Лицо Инь Линь не теряет основного своего бесстрастия, которое окрашено наслаждением. Это подкожная привычка развития на уровне дыхания или моргания. Это то, что является её неотъемлемой частью. Ровер была уверена, что сейчас моментами у неё похожее лицо. Сколько бы раз она не получила и не отдала прикосновений. Однако чужие двухцветные глаза плывут, в темноте смешиваются в один. Словно голубая холодность и малиновая страсть находят в ней баланс. Они обжигают желанием, не давая отстраниться. Ровер летит на него мотыльком.
Пальцы зарываются в черные волосы, пока бедра в её руках дрожат.
Сегодняшняя луна осветила их своим светом друг для друга больше, чем прошлое солнце. Она стала свидетелем их откровенности и слабости друг к другу. Осознанием общей зависимости и происхождения.
На грани сна Ровер чувствовала пальцы, прячущие прядь за ухо. Она бы могла открыть глаза и посмотреть в последний раз на неё. Инь Линь не останется, не встретит её утром. Потому что это был прощальный ласковый жест. Для неё. Для них. Обещание встретиться, обещание, что у них есть общая сторона, что они нечто большее, чем все слова, которые могли бы их описать. Поэтому она не говорит ничего. Не открывает глаза, потому что им необязательно чувствовать горечь расставания. Они всегда будут друг у друга.
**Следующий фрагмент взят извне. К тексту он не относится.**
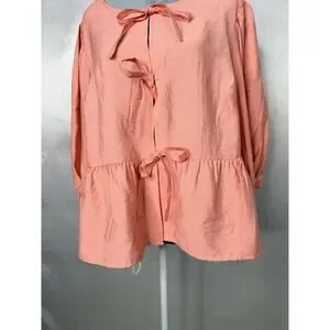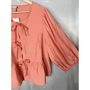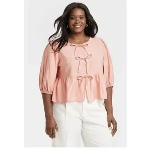 New with tags Ava & Viv pink tie-front peplum blouse in a flattering, flowy silhouette.

Инь Линь тоже знает, что Ровер не спит. Они оставят эту сцену между собой. Безмолвную, неосознанную. Которая сделает их гораздо ближе, чем все их немногочисленные общие воспоминания до этого. Благодаря ему, они обе знают, где их дом. Может быть временный, недолговечный. Дом, полный одиночества, которого хватит на двоих.
Они не будут тосковать, но будут ждать встречи. Им повстречаются много людей на пути. Но ни один из них не встанет с ними на тропу. Много дорог и километров пройдут, прежде чем те приведут их к общей. И обе изменятся за это время. Но они встретятся, рано или поздно. Дорога приведет их к общему дому, который роднее всего для каждой. Может тогда они решат остаться вместе, а может снова разойдутся. Но каждая из них уверена в том, что им суждено встречаться и находить друг в друге потерянный всем миром покой.